Welcome to ‘Sex After Kids,’ a column where parents frankly talk about how their sex lives shifted after they had children and what steps they took to recalibrate their relationship. A baby raises the stakes. Couples have less time to devote to one another, emotional intimacy can dwindle, date nights — at least for the first months — are nearly non-existent, and sex is often a non-starter. Couples must adapt. Here’s how they do it.

Melissa and Gaspare Randazzo had far from the typical pregnancy and birth experience. Melissa, who suffered from stage four endometriosis and had to go through fertility treatment to conceive their son (who just turned two), gave birth three months early. Their son spent the next few months in the NICU while Melissa recovered from her emergency c-section and Gaspare returned to work. When their son could finally come home, they were so relieved but also stressed and sleep-deprived, trying to do their best to keep up with the set schedule he demanded. The entire ordeal put a lot of pressure on their marriage, too. Here’s how they managed to keep it in tact.

Melissa: We both really wanted a baby, right after we got married. But I was diagnosed with stage four endometriosis at that time. I had to have my fallopian tubes removed and we had to go through a couple of surgeries and fertility treatments.
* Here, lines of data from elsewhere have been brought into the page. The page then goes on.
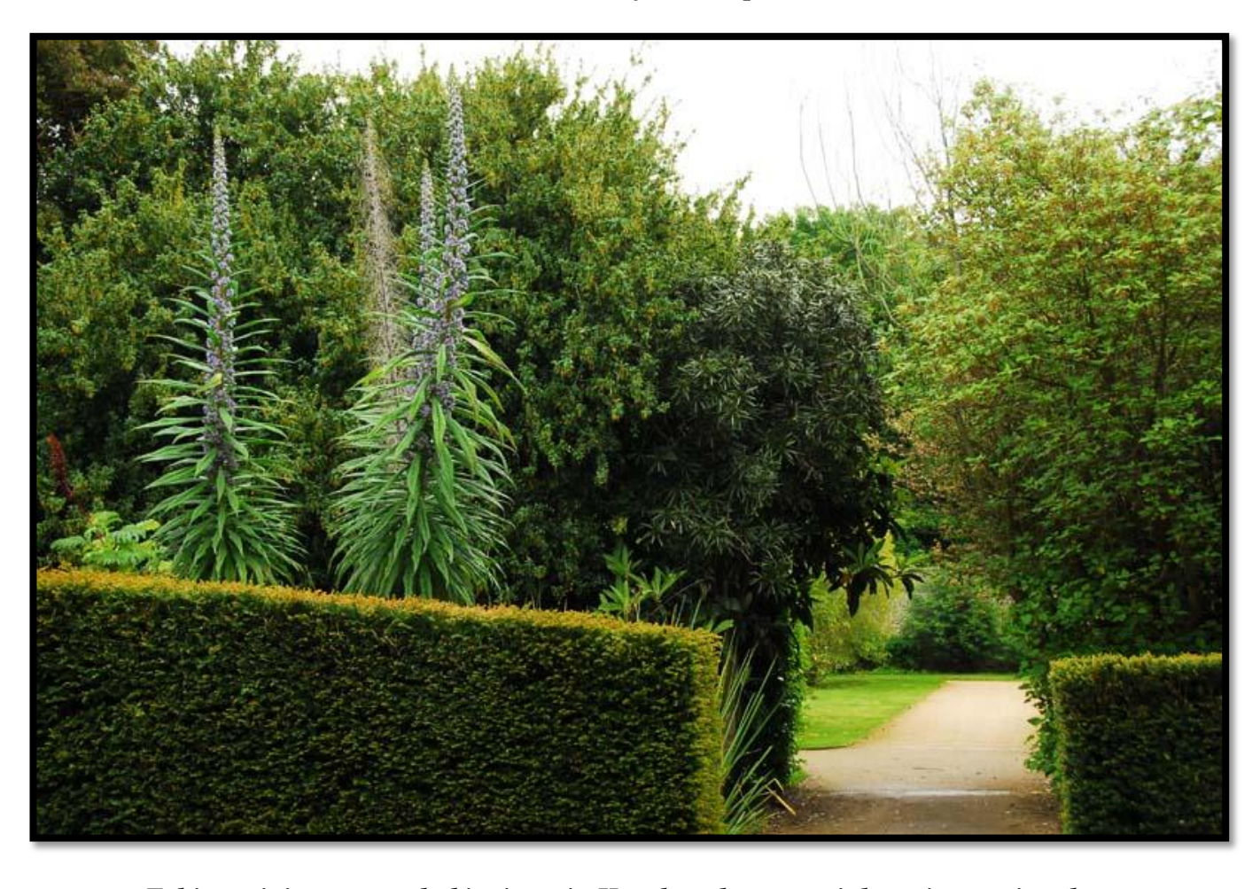
Echium piniana seemed ubiquitous in Howth and are certainly an impressive plant.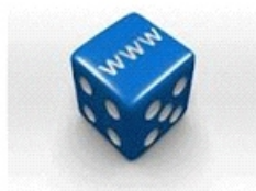
DOMAIN & HOSTING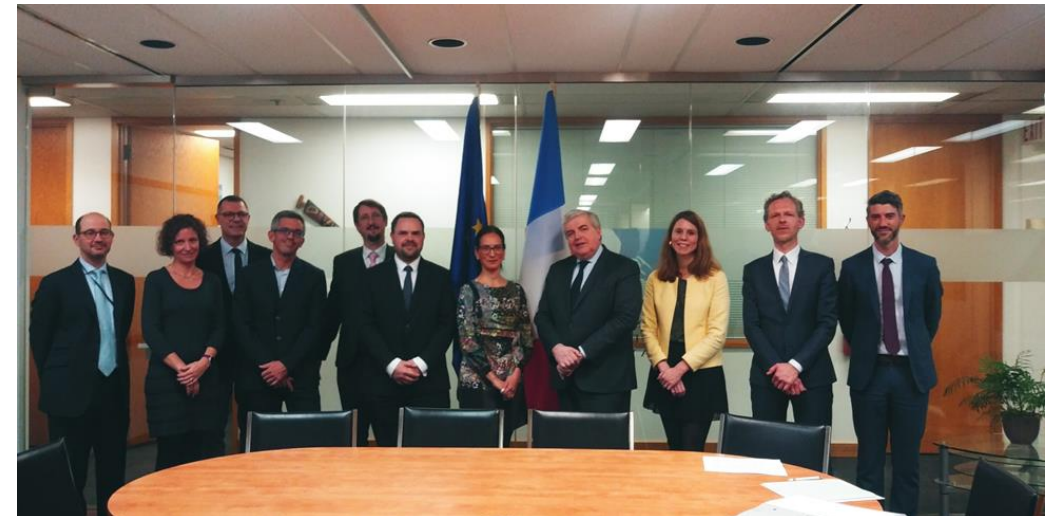
Picture 2: Ceremony at French Consultate in Vancouver, Canada. Participants from Ministry of Ecological Transition and Cohesion of the Territories del Mar, the French Biodiversity Agency, and staff from the Consulate.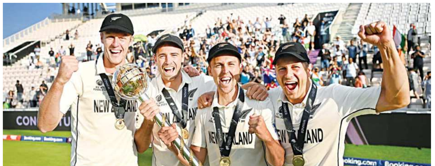
New Zealand's pace quartet-- Kyle Jamieson, Tim Southee, Trent Boult, and Neil Wagner-- was relentless and never let the Indian batsmen settle down in both the innings of the WTC final.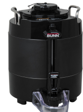
TF SERVER, 1G/3.8L MECH BLK NOBASE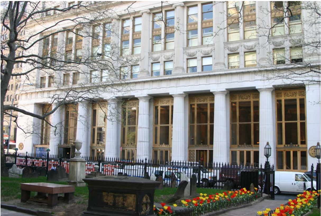
American Telephone & Telegraph Company Building Top: Broadway façade Bottom: Fulton Street façade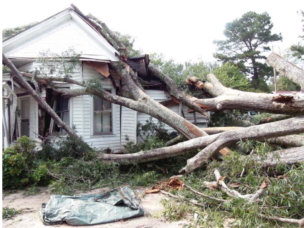
This tree damaged a house on Orange Street in Abbeville last week. Torrential rains contributed to the accident, in which no one was hurt.

“Liberty lies in the hearts of men and women; when it dies there, no constitution, no law, no court can save it.”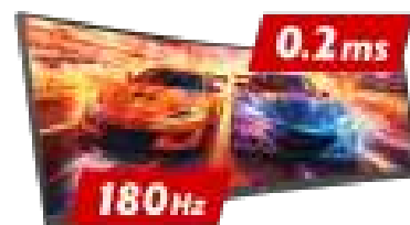
180Hz & 0.2ms MPRT

The Fast IPS panel technology guarantees not only high-fidelity, vivid battleground scenes displayed with outstanding colour accuracy but provides also an outstanding 0.2ms Moving Picture Response Time (MPRT).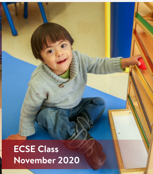
ECSE Class November 2020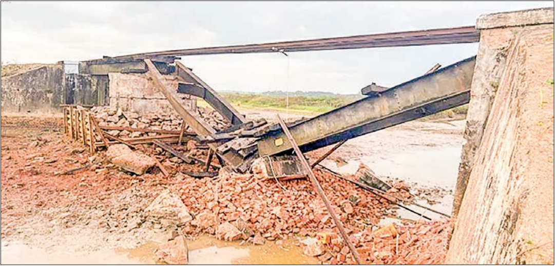
Terrorist mine blast cripples critical railway bridge between Hninpale-Taungsoon stations.

Office Mr Asad Cheng. Also, 14 more Chinese nationals were apprehended in Myawady's KK Park area yesterday for illegal entry and suspected involvement in online fraud. From 30 January to 6 May 2025, Myanmar authorities detained a total of 9,059 foreigners for illegal entry, with 7,713 already deported via Thailand. The remaining 1,346 are awaiting deportation and are currently under proper custody. The Myanmar government is taking firm action against individuals involved in online scams and gambling. Investigations are ongoing in cooperation with international organizations, particularly under the trilateral partnership between Myanmar, China and Thailand to dismantle such cross-border criminal networks. — MNA/KZL

Gaspare: One night, we were going to go to bed and it looked like her stomach was pregnant. She had almost a pregnant belly. We were like, what the hell? We went to the hospital and it turned out her stomach was filled with blood. Her fallopian tubes were infected. They basically told us she was never going to be able to get pregnant the traditional way.

M: Because of all that, we went through fertility treatment, then we did get pregnant. But then our son decided he was going to come three months early — that was a whole other ball game we had to deal with.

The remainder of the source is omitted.